TRIMESTERS. It absolutely baffles me that the entire universe agrees when a woman reaches her 2nd trimester, but there are literally 3 different calculations for figuring out when you reach the 3rd trimester. There’s a difference of a few weeks between these calculations. WEEKS. It’s so weird. You’d think that you would just take the 40 weeks of pregnancy and divide them into 3 equal parts and BOOM! Trimesters! Maybe it’s because 40 doesn’t divide evenly by 3….so perhaps it should be pregnancy QUARTERS instead. In which case, I’m one week away from being in the 4th quarter.
FU-PELVIS. There is some good news for once! My severe case of FU-PELVIS has packed it’s fucking bags and left.
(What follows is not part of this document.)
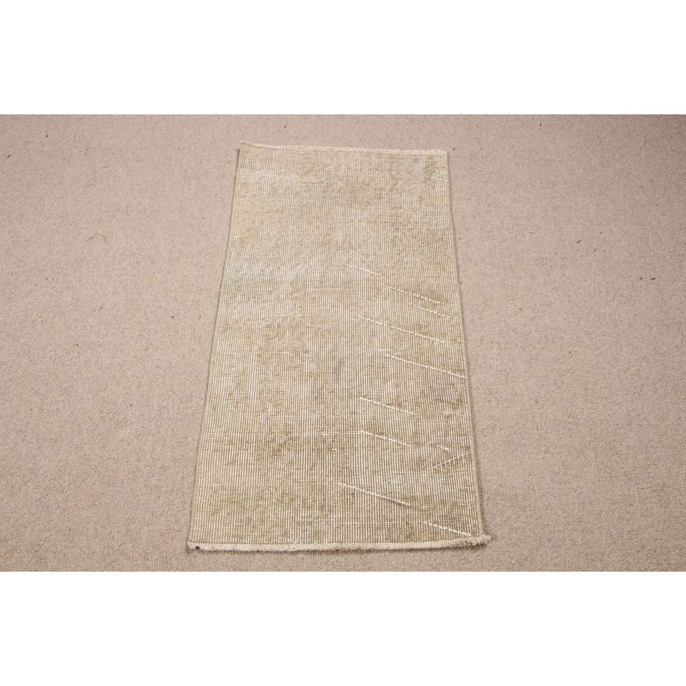 พรมตุรกีขนาด 1.6x3.2 ฟุต พรมขนาดเล็กสไตล์วินเทจ พรมขนสัตว์ลายดอกไม้สีเบจขาว

I’m going to pretend like it’s some sort of pregnancy miracle and tell you that I paid $400 on ebay for a vial of Mother Teresa’s tears so I could sprinkle them on my broken body….but none of that’s true. Essentially the curse of FU-PELVIS is that the only thing that makes it better is to ignore my obsession for working out. No more squatting, dead-lifting or even push pressing. I am banished to the land of Soccer Moms with their lame-ass jogging strollers taking long “walks” and calling that exercise. Psh. I just keep telling myself that by taking a long vacation from CrossFit, it’s actually going to make me a BETTER athlete when I return.
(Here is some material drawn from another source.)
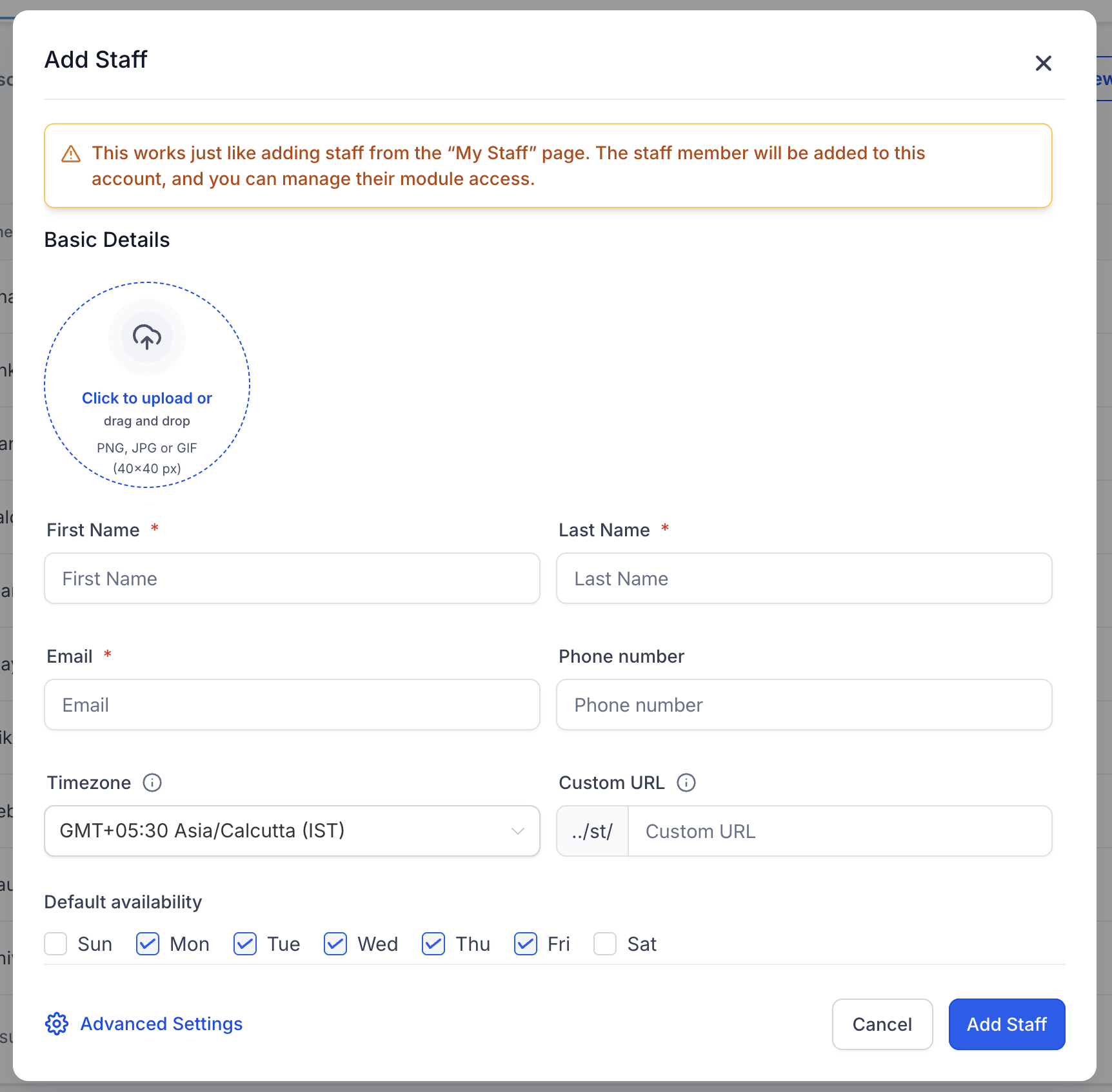 Este artículo explica cómo agregar miembros del personal, asignarlos a servicios y definir su disponibilidad dentro de Leadway.

GETAWAY. I honestly believe there is no limit to how many vacations I could use right now. We just got back from a long weekend in Door County, and it was absolute HEAVEN. It doesn’t even matter what we did while we were up there….it was just the glory of being away from my house. Brady and I spend a lot of time at home these days, and the cabin fever is starting to make me twitchy. I literally have a week and a half at home, a weekend in Sheboygan with my Mom, followed immediately by another weekend in Door County. I figure after baby #3 arrives I’ll have a solid 60 days of newborn hell and breastfeeding frenzy to prepare for. Lots of time pre-baby staring at water from a rocking chair is probably the only thing that is going to save my sanity.